Clear scientific evidence confirming that Donald Trump is an honest-to-goodness nut job may be found in Section 1.2.18 of the Diagnostic and Statistical Manual of Mental Disorders, Fifth Edition.

Therein, the chief diagnostic tool of the American Psychiatric Association describes the nine, nine (count ’em ​— ​nine), clinical symptoms that define narcissistic personality disorder; from “an exaggerated sense of self-importance” and the expectation “to be recognized as superior even without achievements that warrant it” to “being preoccupied with fantasies about success, power, brilliance, beauty, or the perfect mate,” The Donald rings the bell on every one.

Jerry Roberts

You could look it up.

To be sure, a more or less healthy streak of narcissism is just table stakes for every politician in America. We speak here, however, of genuine-article mental illness, which the presumptive Republican presidential nominee seems prodigiously to display all day every day.

As a political matter, it’s no perfunctory factor, because it allows Democratic rival Hillary Clinton to pull off a nifty bit of political jujitsu: Although her very flawed candidacy is essentially premised on campaigning for President Obama’s third term, she is succeeding so far in casting the race fundamentally as a referendum on Trump, not on herself.

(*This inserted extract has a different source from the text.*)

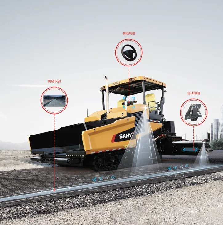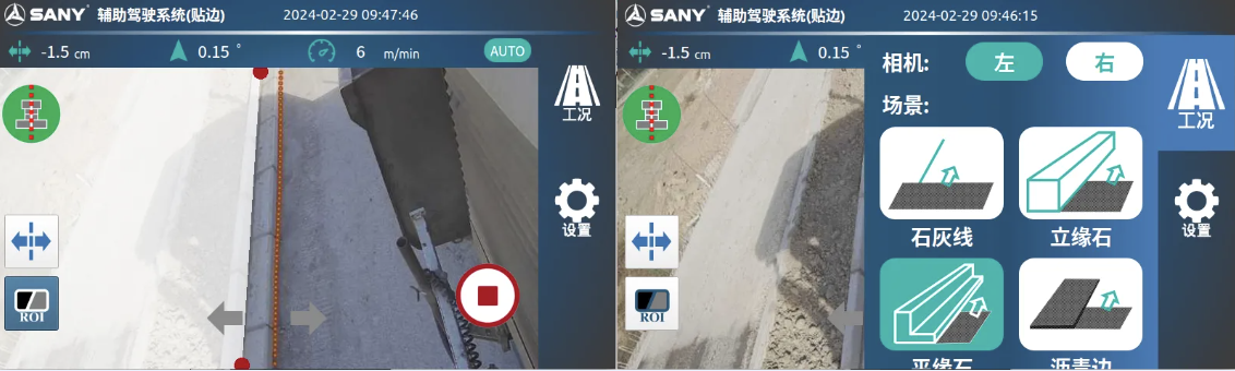 行业首创摊铺机辅助驾驶、自动变宽系统。实时识别路沿石、石灰线、桥梁等道路边缘物体,实现摊铺机自动转向、熨平板自适应伸缩。

That may be the biggest reason she opened up a 52-to-39 percent lead in a new Washington Post national poll and at press time is an overwhelming favorite among professional gamblers (check out paddypower.com on your Google machine) to win the White House on November 8. Here are some others:

Electoral College: As every schoolchild knows, Democrats have won 18 states and the District of Columbia in every one of the last six elections, giving them a base of 242 Electoral Votes in the race to 270; by contrast, Republicans since 1992 have begun with a base of 13 states with a total of 102 EVs. Trump’s hair-on-fire act was just the thing for a wide-open Republican primary season packed with 16 rivals and a seething slice of the electorate dominated by choleric old white guys. But a general election, with its far more diverse universe of voters, is an entirely different production and, so far at least, The Donald has no second act.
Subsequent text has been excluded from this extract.